Thanks in advance for your assistance. Recently purchased a very lightly used free standing wood burner built in the 80's. It didn't have a blower so I purchased a Dayton 1TDU8. It appears there are some mounting holes on the back of the stove for maybe a plate the fan would mount to.

I don't have a manual which would be nice to have but seemingly unavailable.

Does anyone happen to have this stove or similar that may be able to give me an idea of what factory might have looked like along with any controls the manufacturer might have installed?


----------



## alexltzngr (Nov 12, 2019)

T.O. said:


> Thanks in advance for your assistance. Recently purchased a very lightly used free standing wood burner built in the 80's. It didn't have a blower so I purchased a Dayton 1TDU8. It appears there are some mounting holes on the back of the stove for maybe a plate the fan would mount to.
> 
> I don't have a manual which would be nice to have but seemingly unavailable.
> 
> Does anyone happen to have this stove or similar that may be able to give me an idea of what factory might have looked like along with any controls the manufacturer might have installed?

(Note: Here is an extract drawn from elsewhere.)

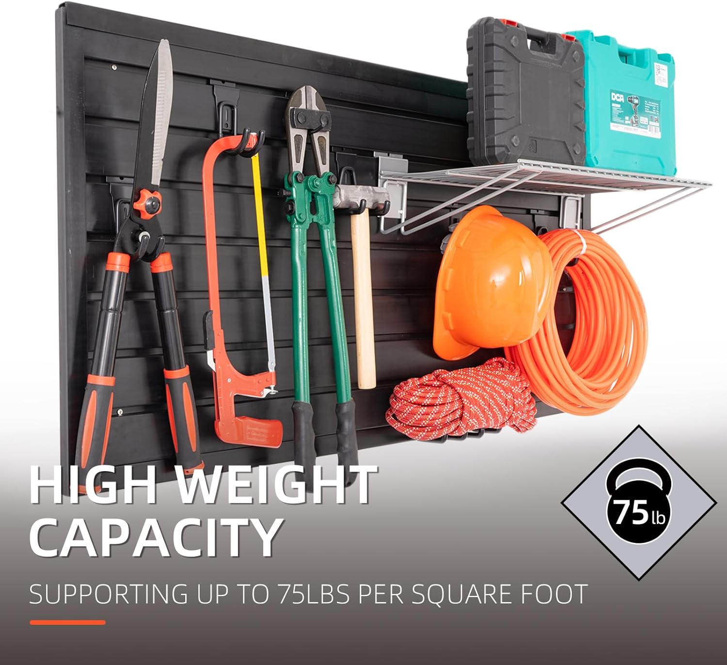 - MAKE FULL USE OF YOUR SPACE: Unleash the true potential of your garage wall organizer for tools with the garage slat wall panel. By making smart use of vertical wall space, you can revolutionize your garage into a seamlessly organized and efficient area. Bid farewell to a messy garage and welcome a meticulously optimized space that maximizes every inch available. Enjoy effortless access to your tools, equipment, and accessories, all while crafting a visually captivating environment.

Let me know if you are still looking for pictures.  I run one.


----------



## T.O. (Nov 12, 2019)

alexltzngr said:


> Let me know if you are still looking for pictures.  I run one.


Definitely. Thanks for the response.


----------



## alexltzngr (Nov 19, 2019)

Let me know if I can add any detail.


----------



## T.O. (Nov 22, 2019)

alexltzngr said:


> Let me know if I can add any detail.
> View attachment 251765
> View attachment 251766
> View attachment 251767
> View attachment 251768


Thanks for the pics! Looks like just a piece of heavy gauge sheet metal bent 90 degrees, mounted to the stove frame and the fan mounted to it?

If you have the time, could you measure up the piece of metal and reply?

Thanks again.


----------



## Jack G (Dec 14, 2019)

I have purchased a summer home in the Adirondacks that has this very stove. I am looking for an owner‘s manual so that I can use it safely/properly. I also would like to find where I could purchase a heat shield for the back of the stove. Thanks in advance for any help / information that you can provide.


----------